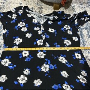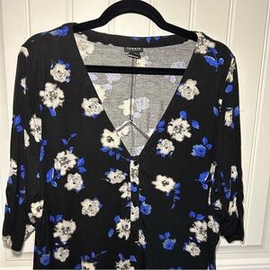 Torrid Black White & Blue Floral V-Neck Short Sleeve Blouse Size 3X
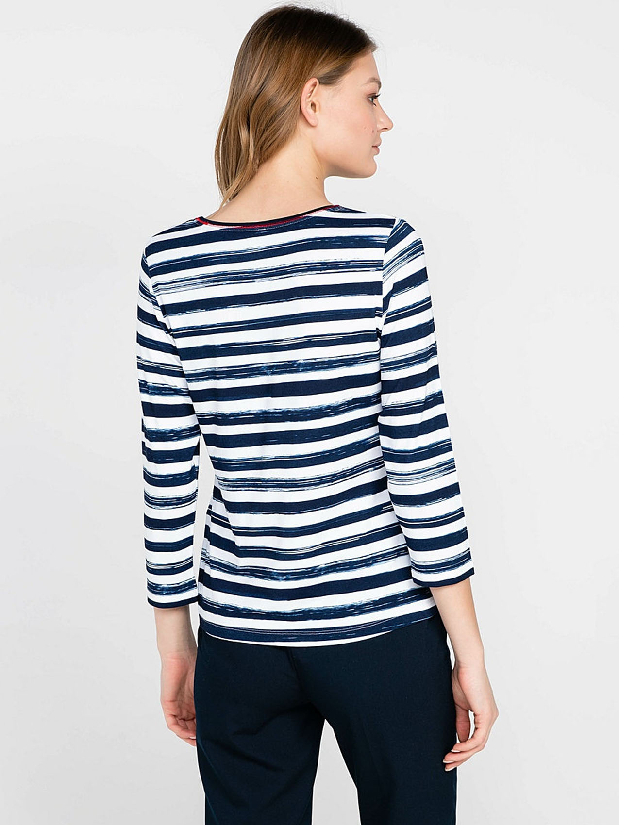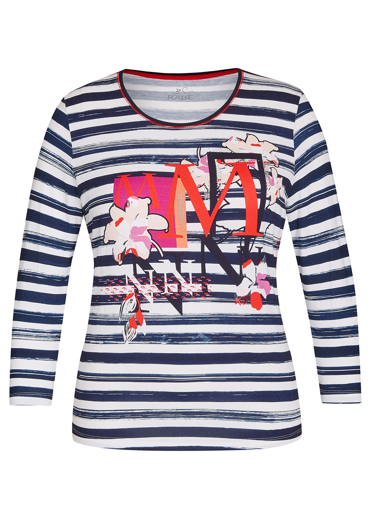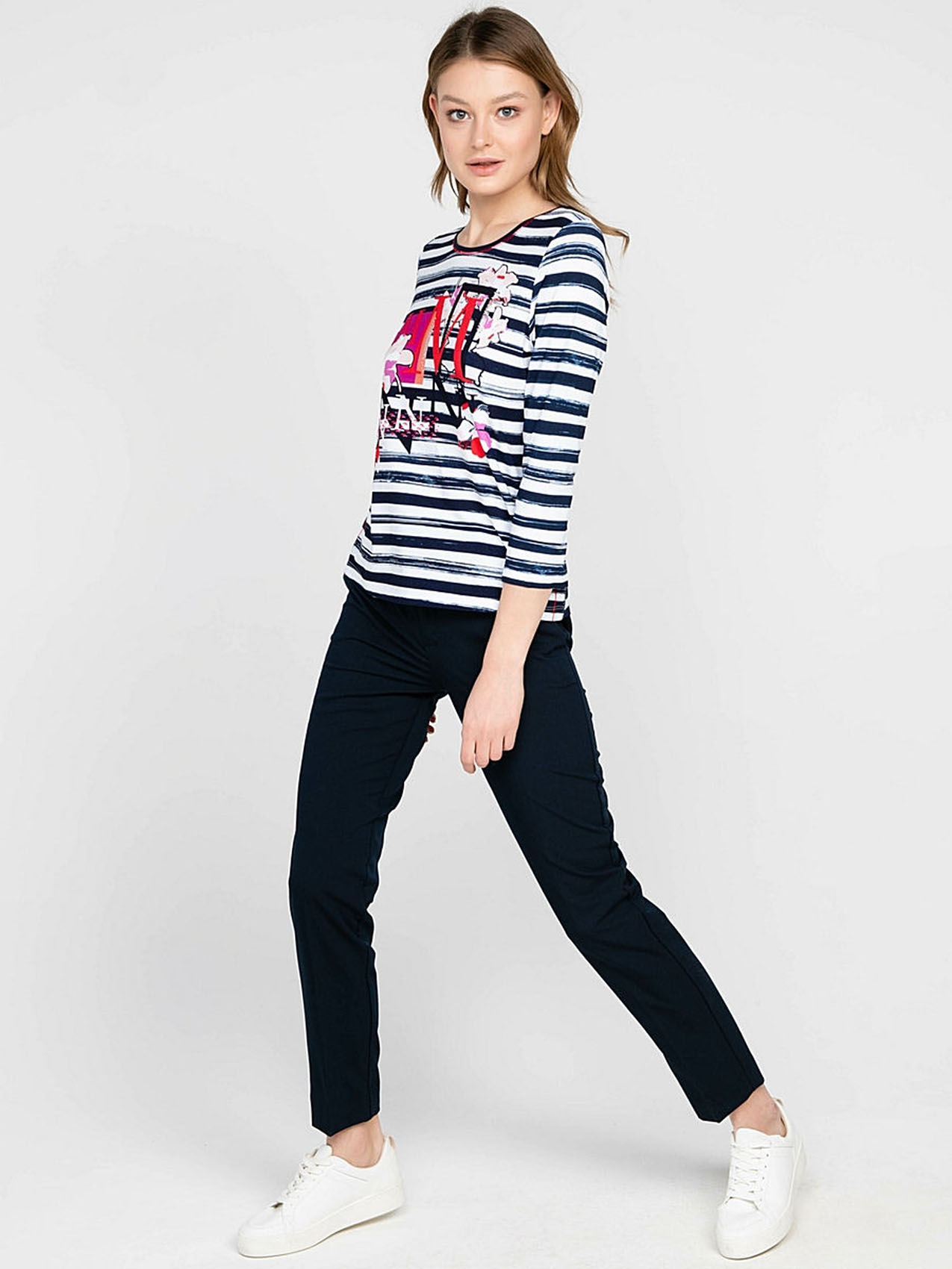 Полосатый дизайн и тропические цветы - то, что нужно для летнего образа! С брюками или с юбкой - эта футболка одинаково удачно выражает индивидуальность своей обладательницы. Приятный к телу материал из смеси вискозы и эластана гарантирует отличную посадку, а рукав 3/4 придает образу легкость и непринужденность. Длина изделия по спинке - 62 см.
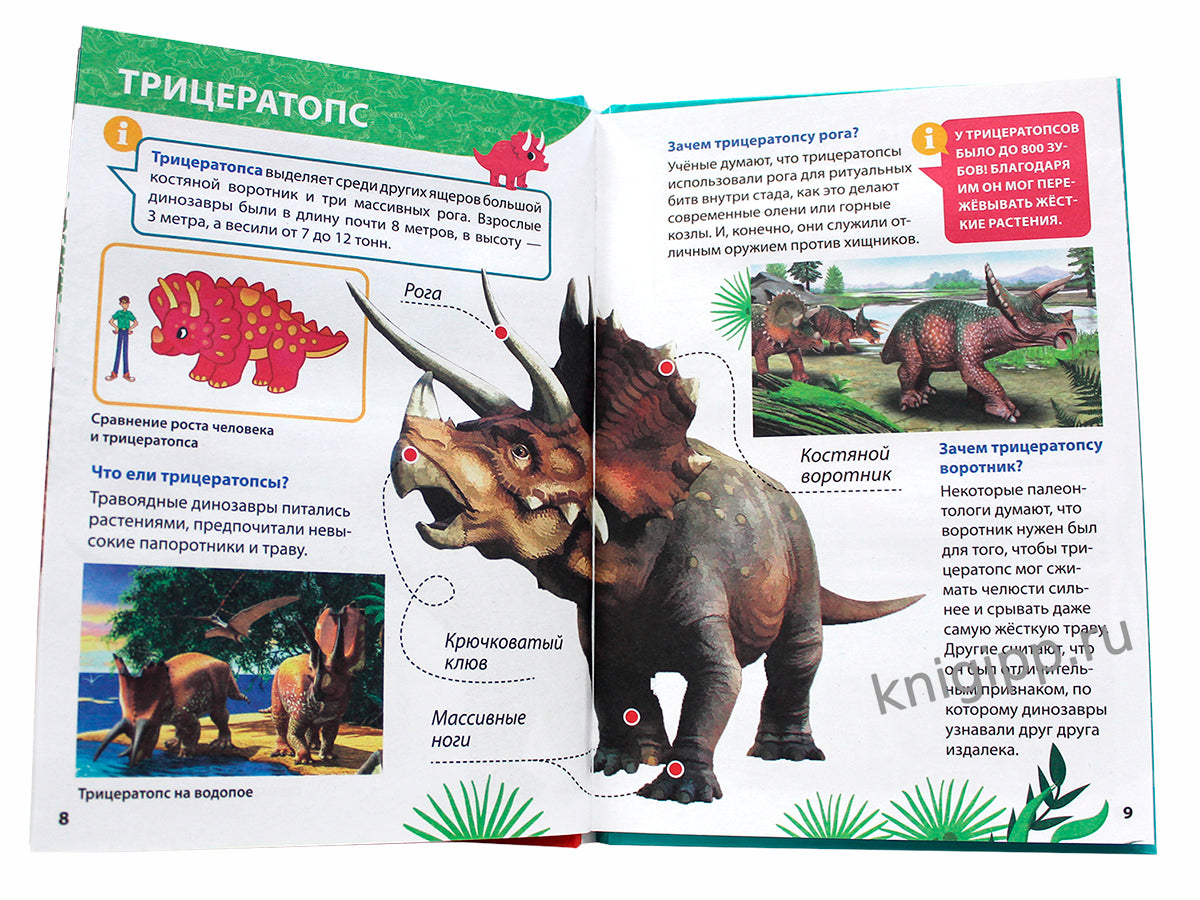 Handling time: 24 days Перед вами книга о самых загадочных существах, живших на нашей планете — о динозаврах. Раскрыв её, малыш познакомится с травоядными и хищными ящерами, узнает о происхождении их названий, об их повадках и местах обитания. А ещё энциклопедия ответит на множество вопросов, которые волнуют каждого ребёнка: каких размеров были динозавры, на кого из современных животных были похожи и что они делали на земле много миллионов лет назад.
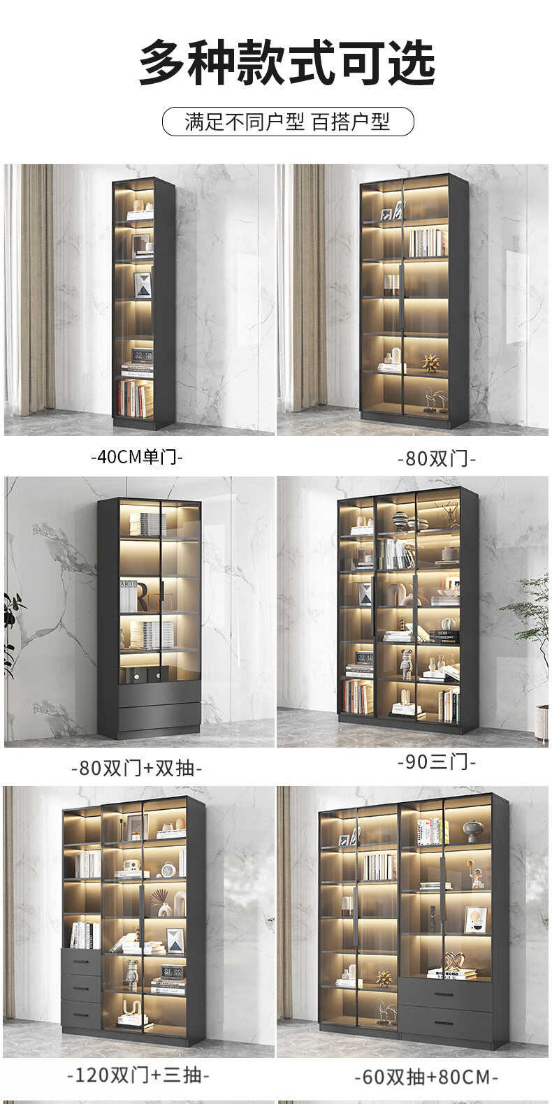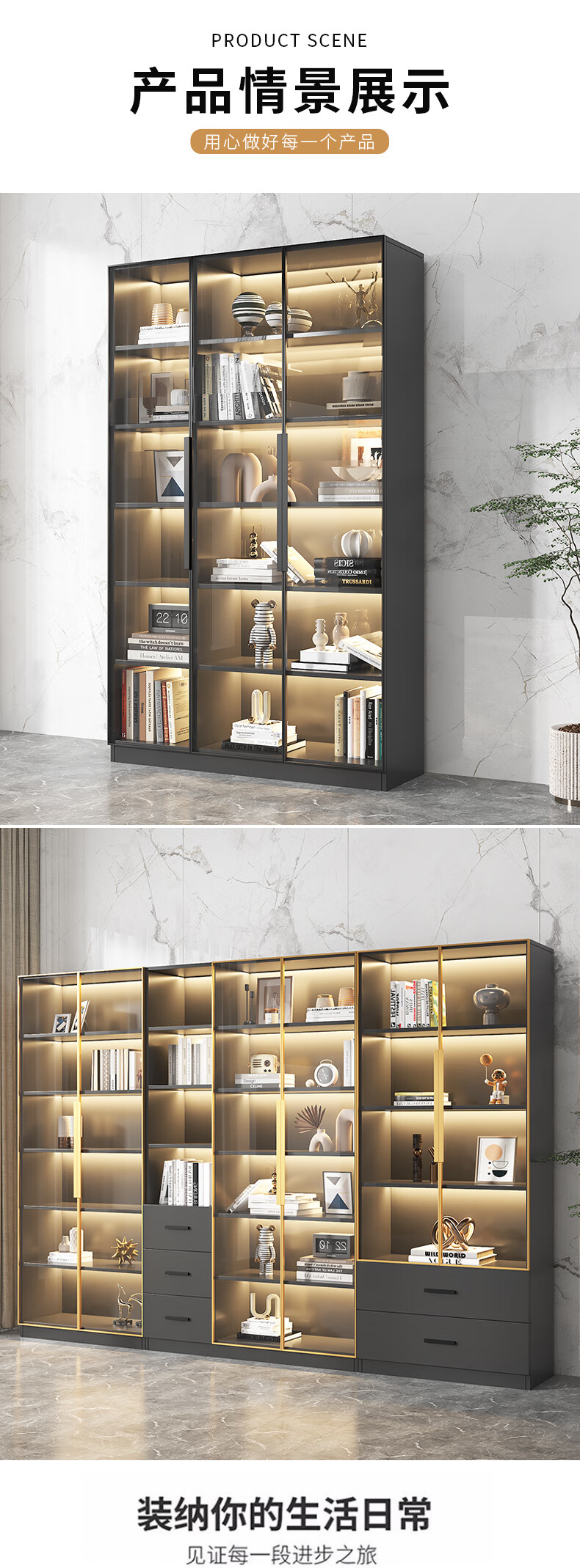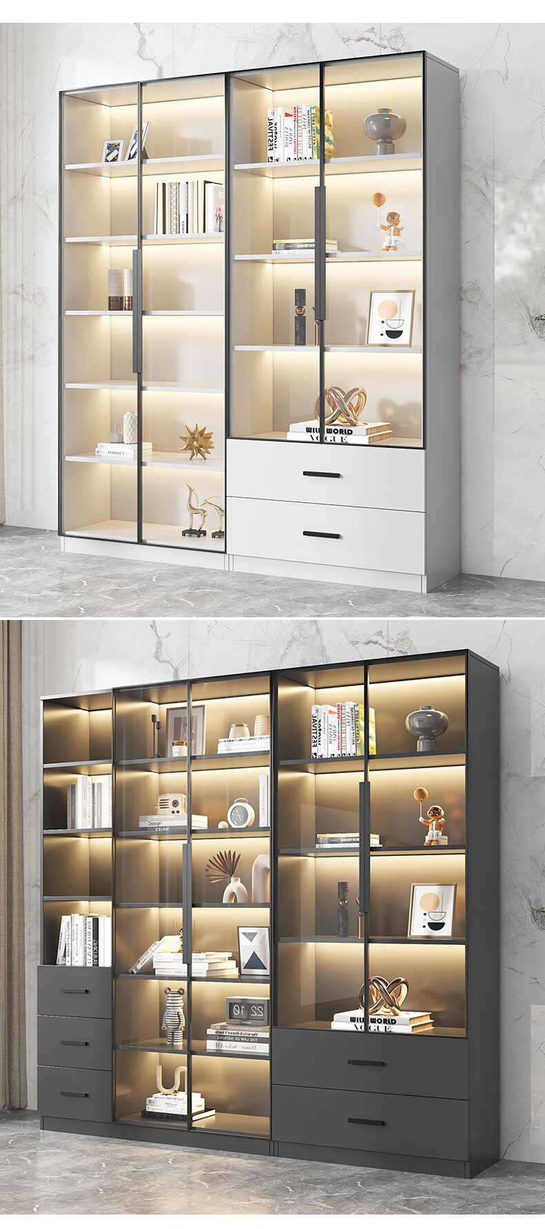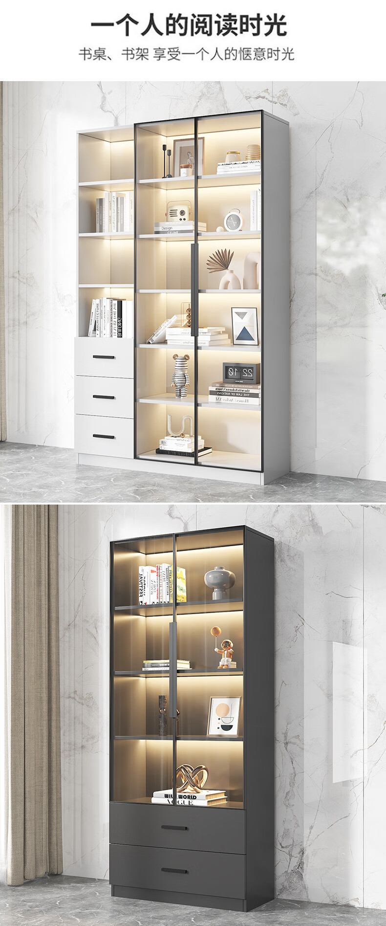 Chugong solid wood bookcase with glass door can be customized for home living room integrated wine cabinet hand-made display combination storage storage cabinet 40cm single door elegant white
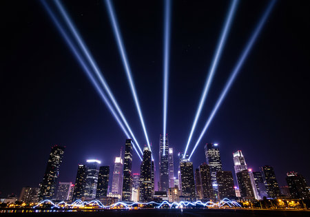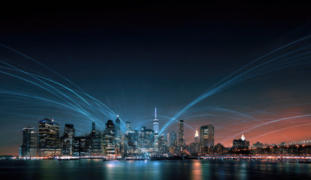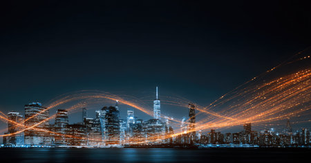 A nighttime cityscape displays numerous illuminated buildings along a waterfront. Lines of light arc across the sky, connecting various points. The composition utilizes a dark color palette with contrasting bright elements, creating a dynamic visual. This image could be suitable for digital design projects or as a backdrop for various commercial applications.

########################################

Print out the entries above word for word from the first line to the line containing "Chugong solid wood", both included, omitting the pictures.

 Torrid Black White & Blue Floral V-Neck Short Sleeve Blouse Size 3X
 Полосатый дизайн и тропические цветы - то, что нужно для летнего образа! С брюками или с юбкой - эта футболка одинаково удачно выражает индивидуальность своей обладательницы. Приятный к телу материал из смеси вискозы и эластана гарантирует отличную посадку, а рукав 3/4 придает образу легкость и непринужденность. Длина изделия по спинке - 62 см.
 Handling time: 24 days Перед вами книга о самых загадочных существах, живших на нашей планете — о динозаврах. Раскрыв её, малыш познакомится с травоядными и хищными ящерами, узнает о происхождении их названий, об их повадках и местах обитания. А ещё энциклопедия ответит на множество вопросов, которые волнуют каждого ребёнка: каких размеров были динозавры, на кого из современных животных были похожи и что они делали на земле много миллионов лет назад.
 Chugong solid wood bookcase with glass door can be customized for home living room integrated wine cabinet hand-made display combination storage storage cabinet 40cm single door elegant white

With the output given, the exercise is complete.